Stored entries:
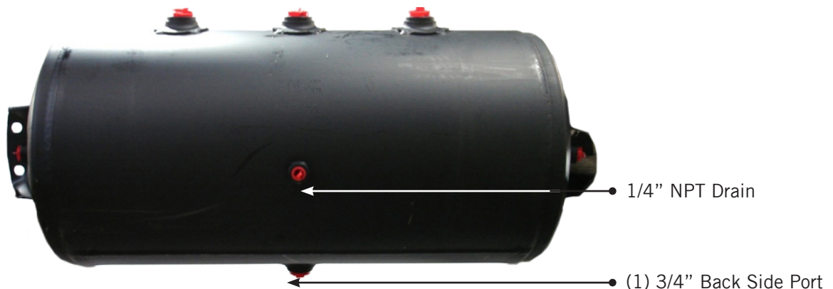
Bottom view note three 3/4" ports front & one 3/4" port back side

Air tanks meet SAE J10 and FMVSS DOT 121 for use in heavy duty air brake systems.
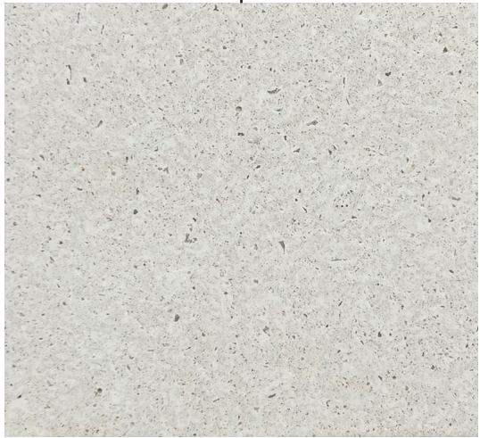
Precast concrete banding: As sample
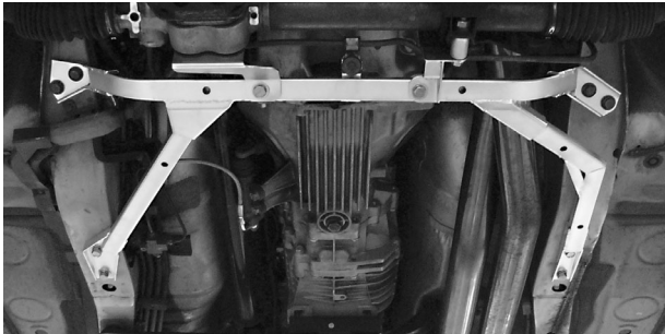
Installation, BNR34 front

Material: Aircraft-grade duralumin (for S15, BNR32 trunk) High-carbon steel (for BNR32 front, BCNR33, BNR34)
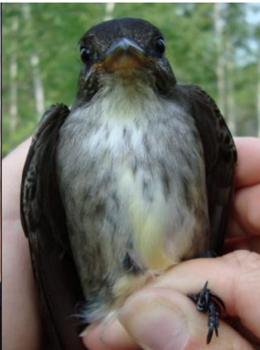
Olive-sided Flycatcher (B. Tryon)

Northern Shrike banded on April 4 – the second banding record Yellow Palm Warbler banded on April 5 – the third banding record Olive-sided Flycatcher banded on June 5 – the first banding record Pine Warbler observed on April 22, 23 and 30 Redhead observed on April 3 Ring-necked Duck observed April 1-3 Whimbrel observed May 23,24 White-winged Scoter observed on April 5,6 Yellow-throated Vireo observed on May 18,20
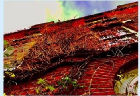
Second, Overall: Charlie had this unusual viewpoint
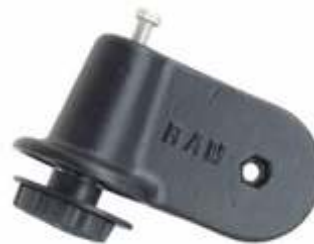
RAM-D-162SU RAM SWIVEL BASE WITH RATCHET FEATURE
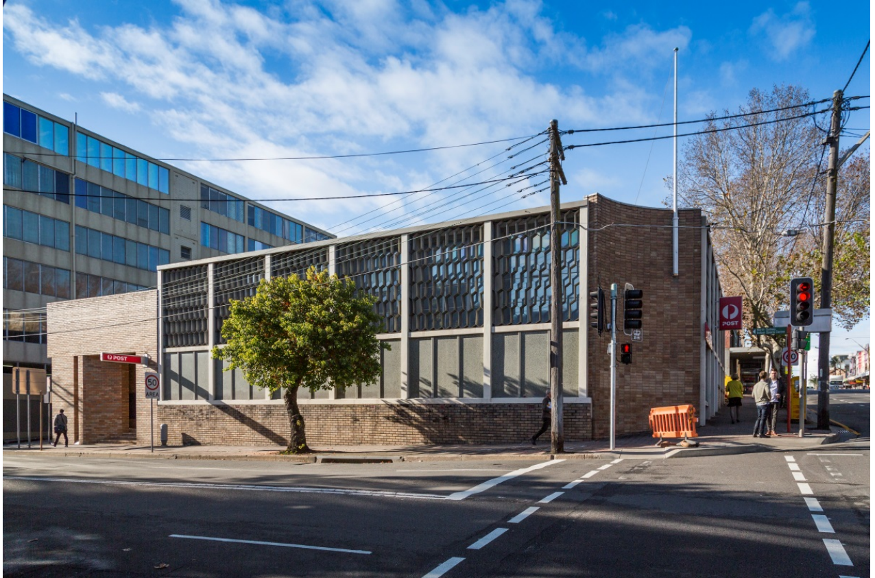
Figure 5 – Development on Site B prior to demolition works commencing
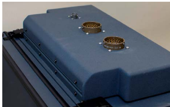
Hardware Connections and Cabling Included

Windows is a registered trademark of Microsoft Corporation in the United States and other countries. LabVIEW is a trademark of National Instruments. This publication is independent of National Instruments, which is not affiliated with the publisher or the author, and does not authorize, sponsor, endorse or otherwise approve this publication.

_EXERCISE INSTRUCTIONS_
In the entries above, copy each line that contains the string "this".

_RESULT OF THE EXERCISE_
Second, Overall: Charlie had this unusual viewpoint
Windows is a registered trademark of Microsoft Corporation in the United States and other countries. LabVIEW is a trademark of National Instruments. This publication is independent of National Instruments, which is not affiliated with the publisher or the author, and does not authorize, sponsor, endorse or otherwise approve this publication.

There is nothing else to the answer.